I remember my grandfather’s smell. It is my first memory. My second memory is of being carried by my grandfather through his backyard. So carefully we considered the apple trees, muscadines, figs, and plums, but far back in my memory we first considered the mud puddles.  My grandfather was a brick mason and he and my grandmother made their home in Stone Mountain GA where both of their families for several generations before had planted their homestead; the modest dreams of sharecroppers. Their plots of land were stitched together like a quilt: my great grandmother Annie-bell’s home, my great aunt Irene’s home, my great grandfather Doc’s home, my grandparent’s home, my great uncle R.L’s home, and Uncle Pete’s home. One winding twisting piece of property divided into artificial plots. A geography of tragedy, toil, love, and grace. Why is it that we think the modest dreams of the poor are any less grand than those of the wealthy? Surely they are no less holy.

When my parents were first married they lived in a small trailer that my grandparents had moved to the back of their property behind the main house.  When I was two I would kneel on the bed, my face pressed against the window screen of my parent’s bedroom window each afternoon, waiting for my grandfather to return. His old burgundy car would pull in and before his feet could hit the deeply rutted dirt path I would begin shouting “Papa come saaavvveee me!” This was our daily game. He taught me how to unlatch the screen and push it out so that he could then lift me through the window.  This is where my first memory erupts, the smell of sweat, and the taste of masonry dust stuck to the roof of my mouth as I pressed my nose against his neck to identify his scent every afternoon. His hands were the roughest gentlest hands I have ever known.  And each evening as he pulled me from the window he did so with the purpose of connecting me to the earth in the daily baptism ritual of dunking me into the dirty muddy water that always seemed to exist in the large rut in the middle of the driveway. It was a child’s ecstasy that I experienced in those moments. I would not undergo true baptism again until many years later when I tried to drown myself.

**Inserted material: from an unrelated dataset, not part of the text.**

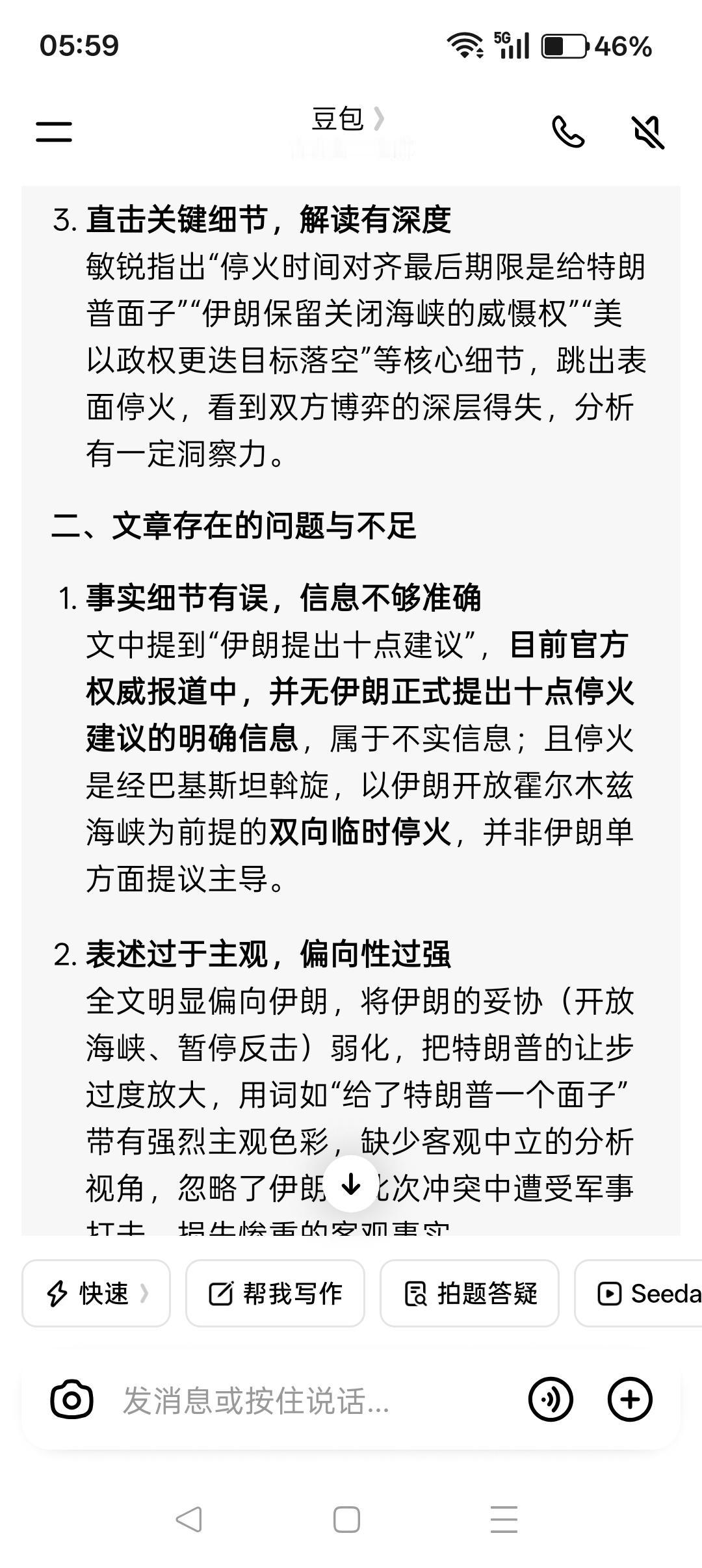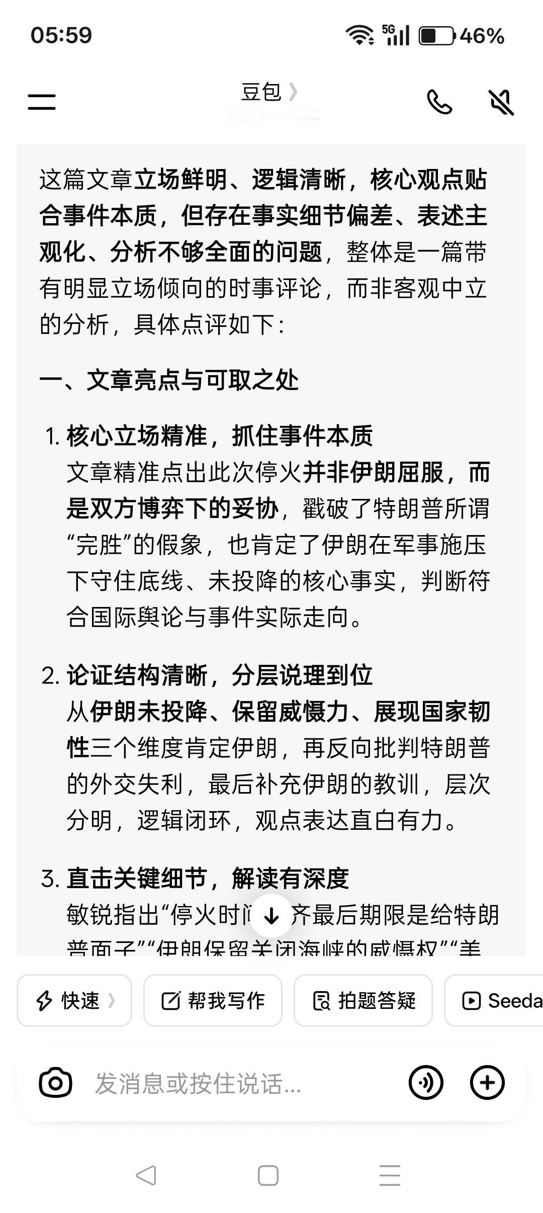 用豆包点评胡锡进的文章,评语很搞笑! 豆包分别点明了这篇文章的优点和缺点,在此

As a teenager embarrassed by rural ways and honest poverty I immersed myself in the alternative political and drug culture of Atlanta’s Little Five Points neighborhood.  Heroin, cocaine, LSD and the Revolutionary Communist Youth Brigade ironically threw me into the intellectually bourgeoisie disaffected punk rock culture of angry youth, often from wealthy families, supposedly fighting for the rise of the proletariat peasant class, a birthright I had abandoned.   Sometimes the universe laughs.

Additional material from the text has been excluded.